I motivi dell’accusa e della nascita di una immagine inquisitoriale del “gender” somigliano molto alla paura della Sfera. Funzionano perchè poggiano su una situazione di fondo che non è mutata, nonostante la pelle del mondo ci sembri diversa da quella di qualche secolo fa sulla natura del bene e del male, della libertà e dell’alterità. Ciò che non è cambiato è la cornice giuridica e normativa propria della visione liberale dell’ontologia umana, nonostante i numerosi colpi inferti ne abbiano mandato in frantumi l’idolo (Butler, 2004: 45). Come si può pensare l’altra dimensione che cade fuori dalla nostra tautologia? Come comprendere questo “altro” che è espressione di un mondo possibile?

Questo illusionismo prospettico, calato nella prassi, può essere letto anche in una parte del “gay sapere” che non è riuscita ad evitare di istituzionalizzarsi a due dimensioni per rendersi socialmente intelligibile. La conversione delle amministrazioni governative al discorso LGBTQI, il suo riutilizzo strumentale in tutte le agende politicamente corrette, segna un versante che è stato sussunto dal capitalismo e sta servendo involontariamente a reidratarne l’impulso sulla vita. Quello che si perde in questo spostamento, per effetto dell’aspirazione normativa, è il luogo del possibile di fronte a ciò che si tramuta in egemonia e depotenzia tutti gli effetti di cambiamento. Bisogna guardare a ciò che il “gender” lascia fuggire dall’apparato di cattura, lontano dalle mode accademiche e dalle manipolazioni ideologiche, guardare a questa struttura del possibile, la Sfera brulicante di altri. E se altri è un mondo possibile, un futuro, Io sono un mondo passato.

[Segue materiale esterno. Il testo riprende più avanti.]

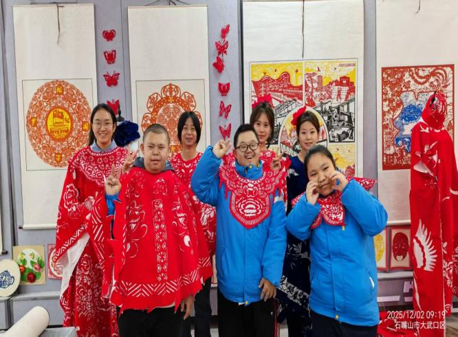 在非遗文化馆(龚丽娟非遗剪纸名师工作室),龚丽娟老师为特校学生详细讲解了剪纸的历史渊源、南北流派差异及现代创新应用。特校学生在互动环节中试穿以剪纸纹样为灵感的创意服装,试戴创意头饰、触摸剪纸油伞,感受传统文化的现代演绎。

Ecco perchè i discorsi sui valori morali mascherano il vuoto di una politica sociale concreta, capace di mettere il sassolino negli ingranaggi del riconoscimento. È l’assenza di un immaginario sensibile a stabilire nuovi tipi di legame con l’altro che non siano incastrati tra le pareti della flatlandia borghese, è «braccare le più infime tracce di fascismo presenti nel corpo» (Foucault, 2012). La normalità è un desiderio acefalo, perchè il potere è prima di tutto una dimensione dell’interiorità che gioca col desiderio di sopravvivenza (Butler, 2004). In una rivoluzione radicale, le persone non solo realizzano i propri sogni, ma devono imparare a sognare nuovamente nella contingenza illimitata, devono reinventare il proprio modo di immaginare, devono eccitare le visioni sferiche contro i deliri poligonali. Restituire la vita alla politica significa smettere che la vita privata ci accompagni come una clandestina, ma pensare che anche nel nostro modo di amare, desiderare, sentire, patire, morire si trova una condizione del nostro modo di immaginare la politica.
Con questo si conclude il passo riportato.